5 Ways to Make Your Bedroom a Romantic Sanctuary

Valentine's Day is in just a few days, so love is very much on the brain. Last week, I wrote about keeping our marriage sacred. Today, along those same lines, I'm going to give you five ways you can make your bedroom a romantic sanctuary. Here we go!



Keep it neat. I'm the type that cannot relax if there's clutter and junk all over the room. When we come back from a trip, I try to unpack immediately. If it's been a hectic day and I'm completely spent, I at least toss the scattered clothes in the closet out of sight. It's just difficult for me to settle down and genuinely rest when I see unrest all around me. Our bedroom is my number one priority spot that I try to make sure is neat at all times. A crazy, unkempt room doesn't exactly scream "romance!"

Make it smell nice. Light a good candle. Wash your sheets regularly. Go get an Essential Oil diffuser. You don't want your bedroom smelling like dirty laundry or leftover chicken (or diapers for you parents!). Make your bedroom smell nice and inviting.

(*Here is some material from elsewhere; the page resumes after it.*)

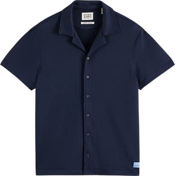 A popcorn-textured jersey adds eye-catching interest to this cool button-up camp shirt framed with short sleeves and a notched collar.

Keep the kids out. Now I am a big advocate of co-sleeping and attachment parenting. But too much of a good thing can be unhealthy. I had both of my children in my bed for pretty much the first month of their lives. Nathan slept in our room for nearly a year (thankfully, he is a very heavy sleeper!). With Selah being a light sleeper and very clingy, we made the decision to transition her to her own room before she began viewing our room as "her" room. It was tough and there were some interesting nights, but we are reaping the rewards now. Our children are welcome in our bedroom and we love cuddling with them, but we began to teach them early on that their bedroom is where they will sleep. And honestly speaking, it's very hard to be romantic when you are worried about waking the sleeping baby three feet away....or snoozing right beside you! If we aren't careful, our kids will take custody of our marriage, so it is important to teach them that mommy and daddy's relationship comes first. And it's important that both you and your husband have YOUR place where you are free to relax and be with one another.

Don't have a TV. Grant and I decided before we married that we would not have a TV in our bedroom. TV is a romance killer and takes away from focused, one-on-one time for you as a couple. So ditch it. Spend your time together talking, sharing, cuddling, and sleeping without the distraction of a movie or television show.

Hang pictures of you as a couple. Your bedroom is about the two of you. And your relationship is above all other earthly relationships. Have reminders of that all around you.


What about you? Is your bedroom a romantic haven?